MUSCULAR also showed us the extent to which the NSA is willing to go to get the data and information it desires to collect. Stepping on the toes of US-based companies in the name of “national security”.
3. We learned that we must encrypt everything.
Just because there is mass surveillance going on does not mean that we need to stop communicating electronically. We just need to be smarter about it. When asked what remains as a tactic to combat mass surveillance, Snowden said that “good encryption still works”. Whether it be sharing files, instant messaging, or email, we must use encryption if we want to circumvent this global invasion of privacy. The NSA will store those messages if they can, with the hope that someday they will be able to crack them, but that is a lot better than the ability to instantly categorize and analyze all communications with ease.If this is a new subject for you, I recommend checking out OTR (https://otr.cypherpunks.ca/), Truecrypt (http://www.truecrypt.org/), and GnuPG (http://www.gnupg.org/). Also, The EFF’s Surveillance Self-Defense project (https://ssd.eff.org/) contains more in-depth information on this topic.
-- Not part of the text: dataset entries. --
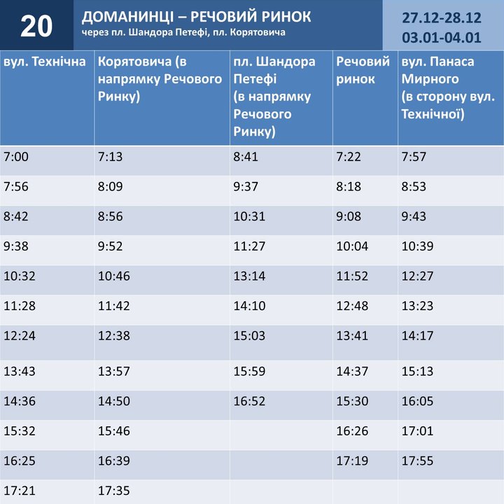Графік маршруту №20 на 27-28 грудня та 3-4 січня. Ужгородська міська рада
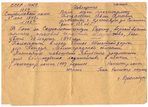Когда я спросила папу, почему на т.н. «похоронке» написано копия, и почему моя (незнакомая мне) прабабушка не сохранила подлинник – он не смог сразу ответить. Потом мы вместе с ним разобрались. Он не смог ответить, потому что он не жил в то время, когда подобный документ являлся «основанием…для предъявления в соответствующие государственные органы для получения соответствующих документов. Имеются в виду карточки, талоны, справки для получения пособий и т.п. (Приложение, № 15.)
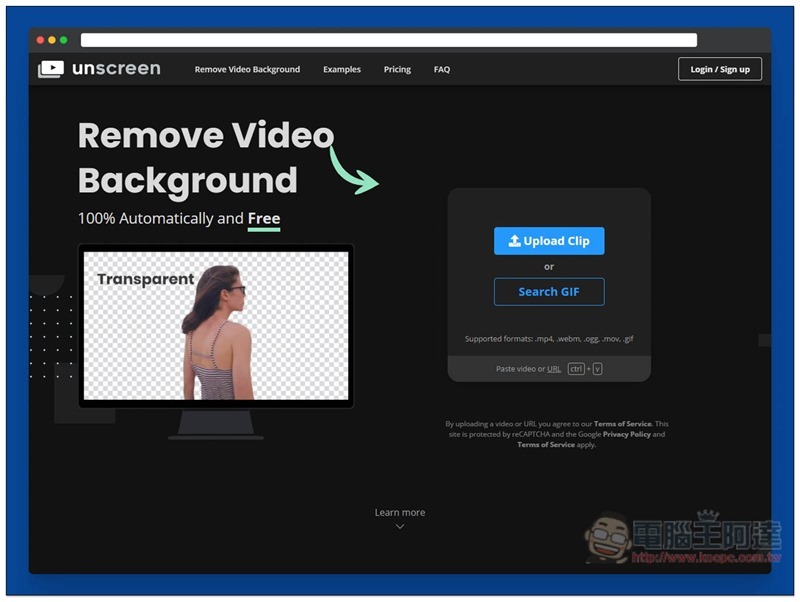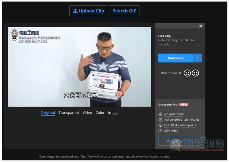點我進到 Remove Video Background 網站後,按右側的 Upload Clip 來選擇要上傳的去背影片,支援 MP4、Webm、OGG、MOV、GIF 格式,不想上傳自己影片的人,也能點擊 Search GIF 使用 GIPHY 的 GIF 圖片試試:

4. We learned that others won’t always take the stand for us.
Personally, this one was the most heartbreaking revelations of the year. A lot of so-called journalists in the major media and high profile policy pushers did nothing this year. Mediastan showed the reluctance of editors to publish controversial material, self-censoring their reports. The effort for pushing Do-Not-Track to Congress has been going nowhere, it almost seems like many have forgotten or started ignoring it.
Though we must recognize the journalists and policy pushers that have been working hard this year, because there are many. Organizations like the EFF, the ACLU, the Open Technology Institute and EPIC, individuals such as Glenn Greenwald, Jacob Appelbaum, and Laura Poitras, and publications such as Der Spiegel, The Guardian, and O Globo deserve all the admiration in the world.
The tech giants that were targeted in PRISM and MUSCULAR took far too long to take a stand. They have the ability to quickly carry weight in this conversation, and they stood by for far too long. It took the display of them being “victims” for them to start doing anything. This just goes to show how much they don’t care, unless there is money in it for them.
Having such a wave of distrust in a single year has been difficult. We’ve learned that we are all under near complete tech-surveillance due to the actions (or lack thereof) by so many in government and the tech sector. The biggest lesson from last year is that this all must change, that it has gotten way out of hand.
I am not sure what the solution is, but it will probably have to come in the form of societal, political, and technological shifts. Nevertheless, I know that we can all do our part by getting involved in even the simplest of ways. We don’t all have to become full-time activists to assist this movement. There are local groups springing up like TA3M (http://ta3m.net/) that are a great way to get involved. Joining the conversation on Twitter or other websites is another great way to get involved that doesn’t require too much time or effort. If you are a developer, open source projects like arkOS, LEAP Encryption Access Project, and the Tor Project could always use your help.
Whatever you do, I would suggest not sitting on your hands waiting for others to “make it better”.